Attenzione condivisa vs egocentrismo

• Una fase di sviluppo si riferisce alla capacità del bambino di individuare cosa occupa l’attenzione di un altro.

• Scaife e Bruner fanno un esperimento «che comportava un adulto seduto di fronte a un bambino (i soggetti avevano un’età che andava dai tre mesi a poco più di un anno). L’adulto dapprima stabiliva un contatto oculare e poi si girava 90 gradi a sinistra o destra e guardava intensamente verso l’esterno. Il girarsi era accompagnato dall’enunciato “oh, guarda!” messo in rilevo.
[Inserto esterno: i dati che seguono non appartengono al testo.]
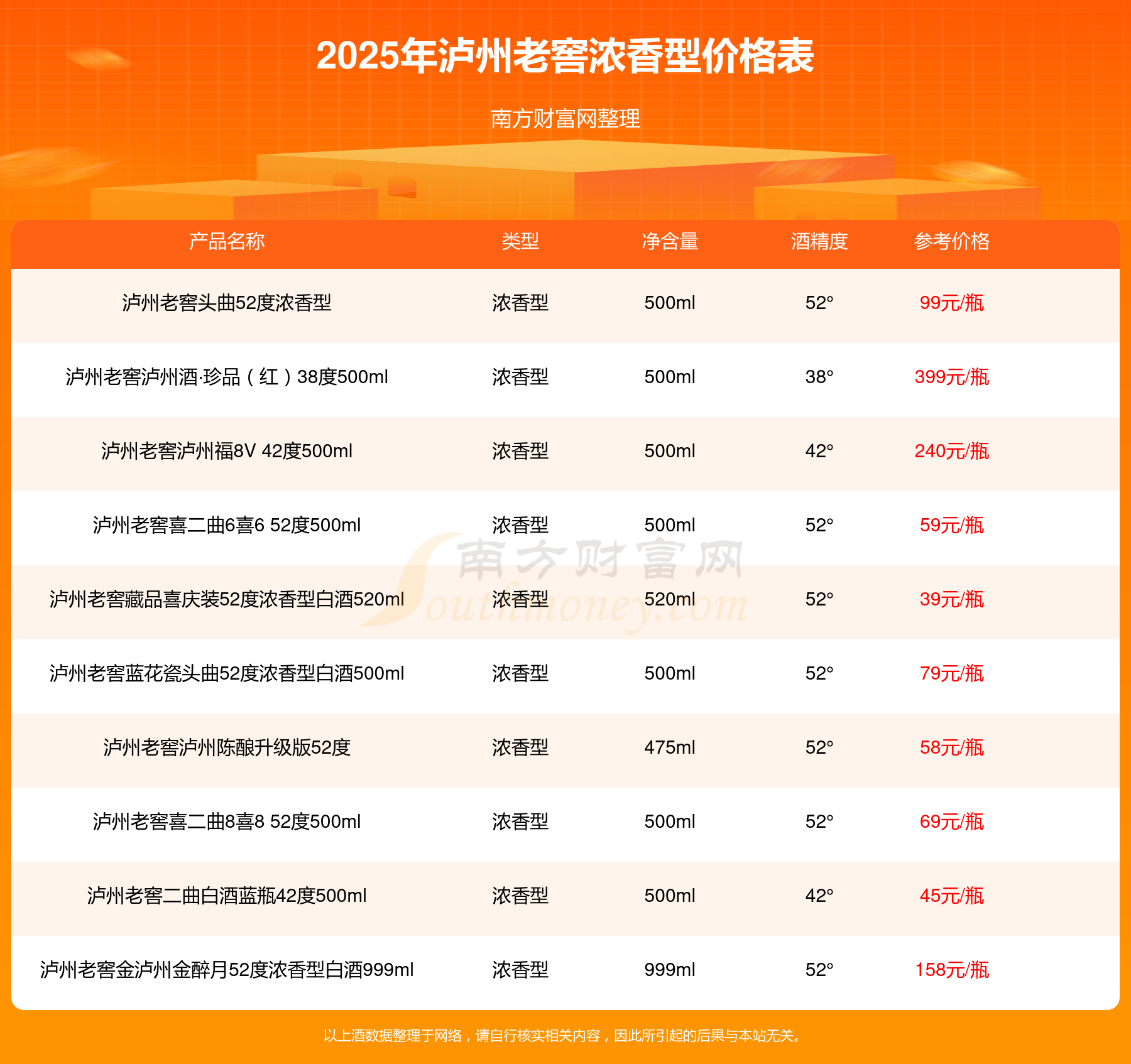 瀘州老窖濃香型酒最新價(jià)格2025:瀘州老窖國窖1573春釀鼠兆豐年E 55度參考價(jià)17999元/瓶、瀘州老窖國窖1573生命中的那壇酒55度014參考價(jià)9999元/瓶、瀘州老窖國窖1573春釀鼠兆豐年A 55度參考價(jià)5088元/瓶、瀘州老窖國窖1573生命中的那壇酒55度013濃香型白酒1000ml參考價(jià)4988元/瓶。

I due terzi dei nostri bambini fra gli otto e i dieci mesi seguirono il cambiamento della linea dello sguardo, e quelli di un anno lo fecero tutti.»

Ulteriore esperimento

• L’esperimento venne ripetuto e svelò caratteristiche aggiuntive nella struttura dello sguardo che segue un altro sguardo.

• «La prima e più importante caratteristica era che il bambino di un anno guardava lungo la linea dello sguardo, cercava un oggetto, e, se non ne trovava nessuno ritornava al viso dell’adulto per un secondo sguardo, dopo di che si girava ancora una volta. Sembra cioè he ci fosse l’attesa di trovare un oggetto. Il secondo fatto caratteristico era che il bambino si girava alla ricerca dell’oggetto senza però lasciare che il viso dell’adulto uscisse dal perimetro del suo sguardo».

Di nuovo sull’attenzione congiunta

• «Due punti vanno ancora sottolineati: a) nell’ambito della scena percettiva la scena di attenzione congiunta è focalizzata su un sottoinsieme di entità e attività, nell’ambito della scena di attenzione congiunta, la scena referenziale e focalizzata su un sottoinsieme di entità e attività; e b) un bambino considera se stesso come uno dei partecipanti alla scena, sullo stesso piano dell’adulto e dell’oggetto di attenzione congiunta.» (Tomasello, Le origini culturali della cognizione umana, 122)

attenzione congiunta e relazione triadica

• “anche i primati non umani sono sensibili alle espressioni facciali, sono in grado di seguire con lo sguardo gli oggetti, di avere comportamenti imitativi, ecc. tuttavia l’attenzione congiunta -intesa come relazione triadica- sembra una prerogativa degli esseri umani” (p.111)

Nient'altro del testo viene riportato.